> [REQUIRED ACTION]
What must be handed in is the entire listing, exactly as written, with no pictures.

------ SOURCE DATA ------

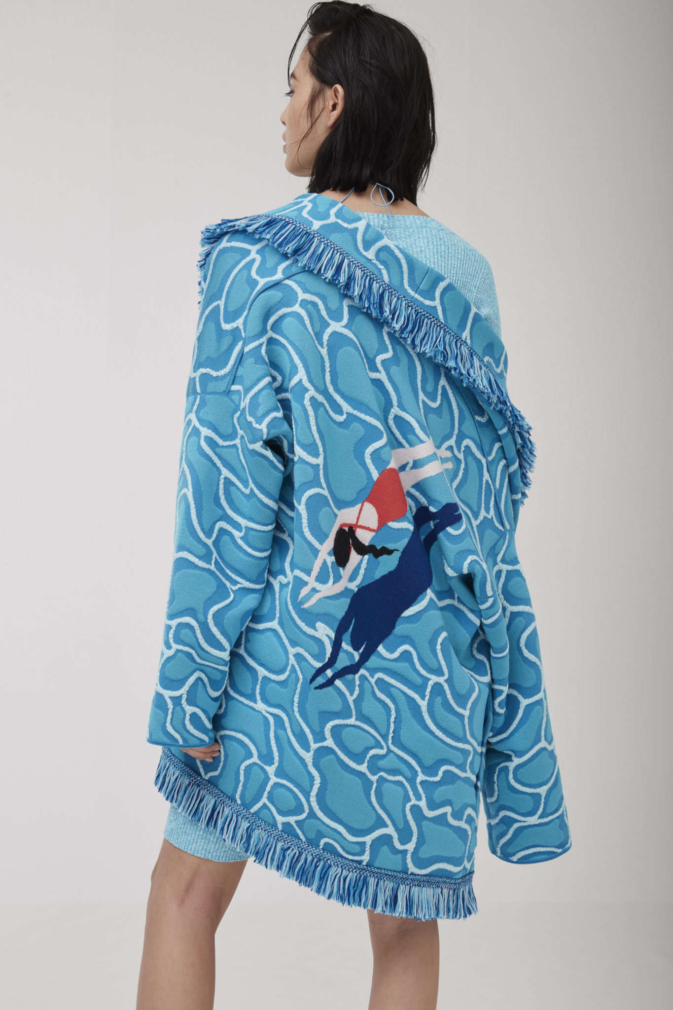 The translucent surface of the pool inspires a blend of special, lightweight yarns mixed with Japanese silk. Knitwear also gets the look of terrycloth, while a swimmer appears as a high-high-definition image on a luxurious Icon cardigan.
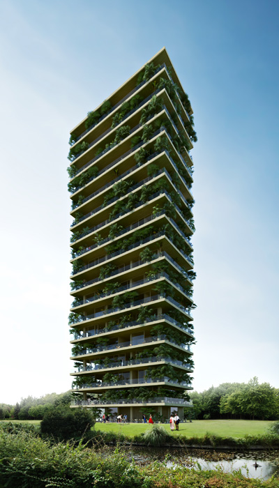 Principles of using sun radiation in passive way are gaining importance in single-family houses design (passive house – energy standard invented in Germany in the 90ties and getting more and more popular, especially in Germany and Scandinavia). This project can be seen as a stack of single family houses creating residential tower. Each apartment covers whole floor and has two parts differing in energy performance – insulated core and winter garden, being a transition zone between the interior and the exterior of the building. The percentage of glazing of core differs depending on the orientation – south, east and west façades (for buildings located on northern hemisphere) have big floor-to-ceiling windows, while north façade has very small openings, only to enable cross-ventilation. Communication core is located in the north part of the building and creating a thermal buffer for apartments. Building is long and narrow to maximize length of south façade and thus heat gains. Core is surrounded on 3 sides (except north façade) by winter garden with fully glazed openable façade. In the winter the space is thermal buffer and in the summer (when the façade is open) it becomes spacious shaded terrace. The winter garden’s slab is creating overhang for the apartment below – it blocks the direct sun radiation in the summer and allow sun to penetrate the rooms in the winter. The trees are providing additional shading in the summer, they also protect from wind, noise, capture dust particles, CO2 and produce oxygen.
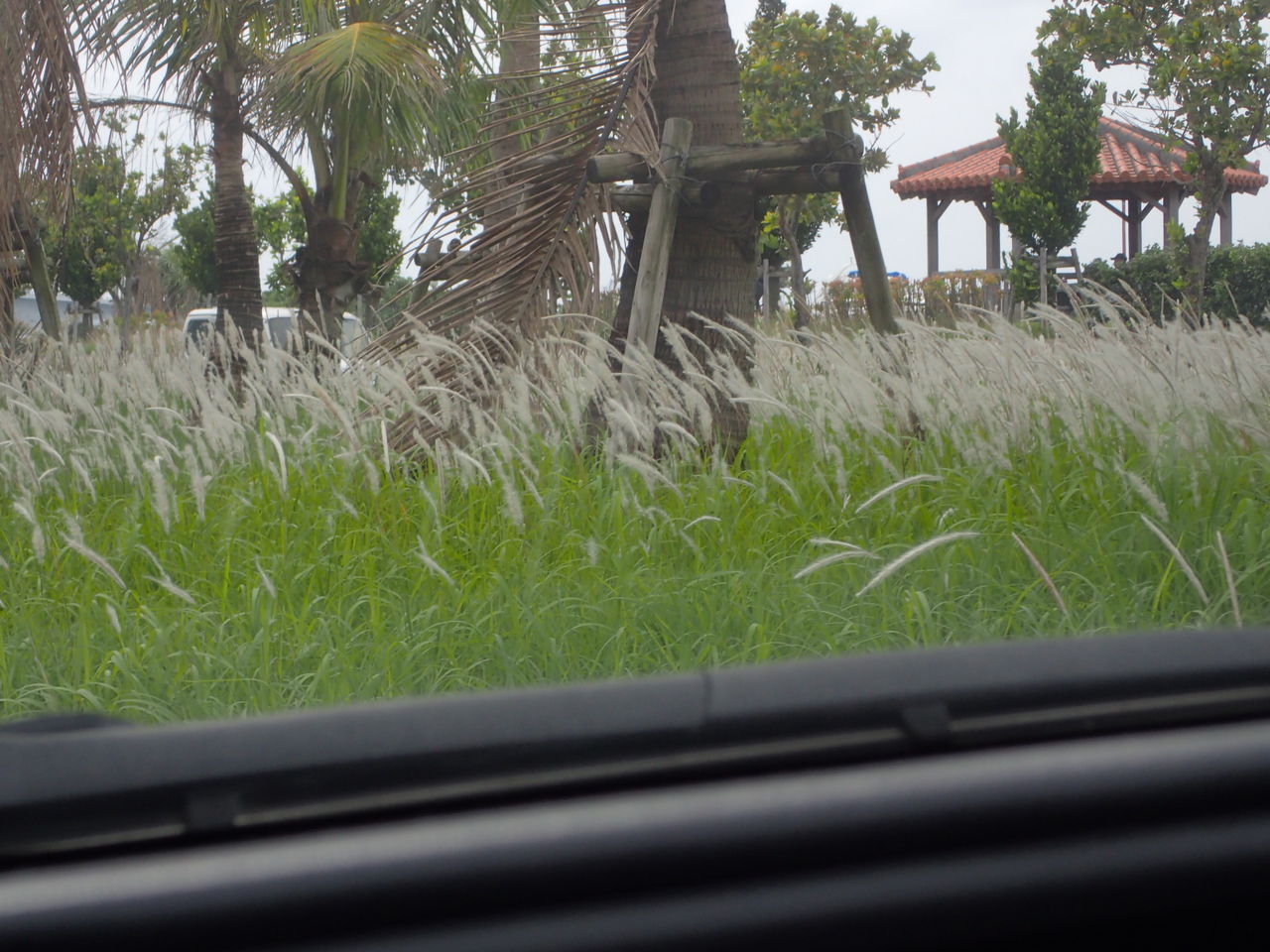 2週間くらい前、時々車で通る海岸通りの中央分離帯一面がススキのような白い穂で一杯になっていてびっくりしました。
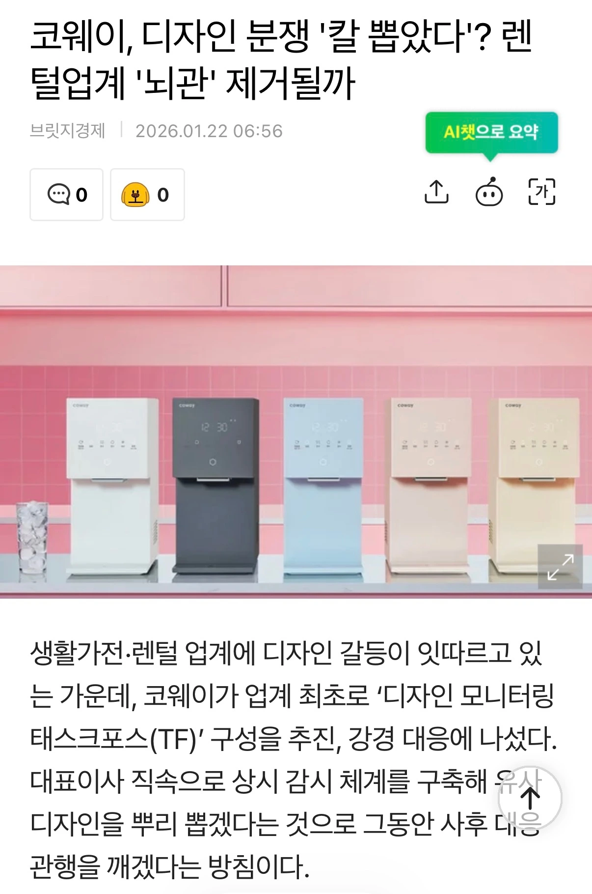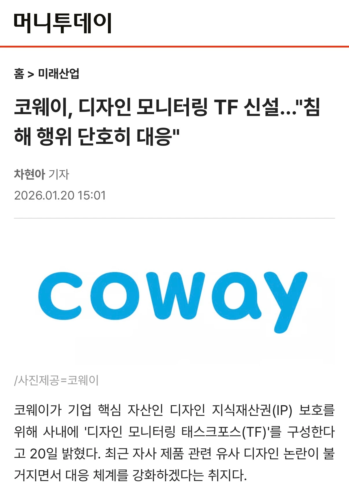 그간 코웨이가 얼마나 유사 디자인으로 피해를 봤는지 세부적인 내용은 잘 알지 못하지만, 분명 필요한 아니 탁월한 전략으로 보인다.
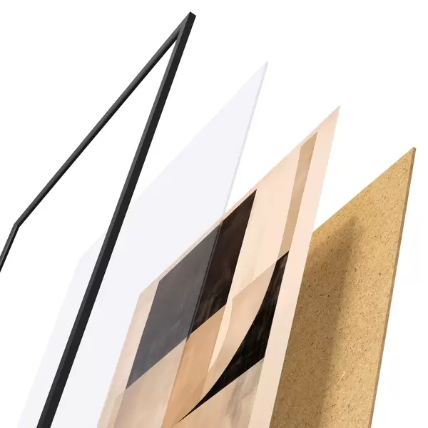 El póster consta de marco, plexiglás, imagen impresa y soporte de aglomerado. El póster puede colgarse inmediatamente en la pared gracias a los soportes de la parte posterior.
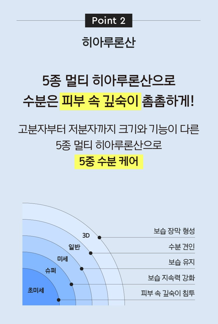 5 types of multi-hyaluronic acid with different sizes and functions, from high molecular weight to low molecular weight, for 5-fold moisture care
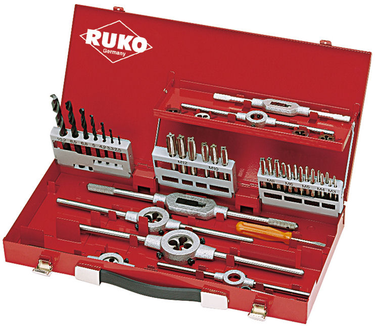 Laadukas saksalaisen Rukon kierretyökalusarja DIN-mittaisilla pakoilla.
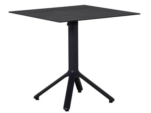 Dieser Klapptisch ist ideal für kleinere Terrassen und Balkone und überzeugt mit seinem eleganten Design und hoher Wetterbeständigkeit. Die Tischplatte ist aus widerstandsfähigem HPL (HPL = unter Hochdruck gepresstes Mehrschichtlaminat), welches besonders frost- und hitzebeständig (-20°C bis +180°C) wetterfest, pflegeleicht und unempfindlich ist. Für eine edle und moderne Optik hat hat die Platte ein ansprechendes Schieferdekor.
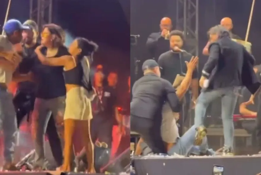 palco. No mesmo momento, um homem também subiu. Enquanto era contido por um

------

> [TASK ANSWER]
 The translucent surface of the pool inspires a blend of special, lightweight yarns mixed with Japanese silk. Knitwear also gets the look of terrycloth, while a swimmer appears as a high-high-definition image on a luxurious Icon cardigan.
 Principles of using sun radiation in passive way are gaining importance in single-family houses design (passive house – energy standard invented in Germany in the 90ties and getting more and more popular, especially in Germany and Scandinavia). This project can be seen as a stack of single family houses creating residential tower. Each apartment covers whole floor and has two parts differing in energy performance – insulated core and winter garden, being a transition zone between the interior and the exterior of the building. The percentage of glazing of core differs depending on the orientation – south, east and west façades (for buildings located on northern hemisphere) have big floor-to-ceiling windows, while north façade has very small openings, only to enable cross-ventilation. Communication core is located in the north part of the building and creating a thermal buffer for apartments. Building is long and narrow to maximize length of south façade and thus heat gains. Core is surrounded on 3 sides (except north façade) by winter garden with fully glazed openable façade. In the winter the space is thermal buffer and in the summer (when the façade is open) it becomes spacious shaded terrace. The winter garden’s slab is creating overhang for the apartment below – it blocks the direct sun radiation in the summer and allow sun to penetrate the rooms in the winter. The trees are providing additional shading in the summer, they also protect from wind, noise, capture dust particles, CO2 and produce oxygen.
 2週間くらい前、時々車で通る海岸通りの中央分離帯一面がススキのような白い穂で一杯になっていてびっくりしました。
 그간 코웨이가 얼마나 유사 디자인으로 피해를 봤는지 세부적인 내용은 잘 알지 못하지만, 분명 필요한 아니 탁월한 전략으로 보인다.
 El póster consta de marco, plexiglás, imagen impresa y soporte de aglomerado. El póster puede colgarse inmediatamente en la pared gracias a los soportes de la parte posterior.
 5 types of multi-hyaluronic acid with different sizes and functions, from high molecular weight to low molecular weight, for 5-fold moisture care
 Laadukas saksalaisen Rukon kierretyökalusarja DIN-mittaisilla pakoilla.
 Dieser Klapptisch ist ideal für kleinere Terrassen und Balkone und überzeugt mit seinem eleganten Design und hoher Wetterbeständigkeit. Die Tischplatte ist aus widerstandsfähigem HPL (HPL = unter Hochdruck gepresstes Mehrschichtlaminat), welches besonders frost- und hitzebeständig (-20°C bis +180°C) wetterfest, pflegeleicht und unempfindlich ist. Für eine edle und moderne Optik hat hat die Platte ein ansprechendes Schieferdekor.
 palco. No mesmo momento, um homem também subiu. Enquanto era contido por um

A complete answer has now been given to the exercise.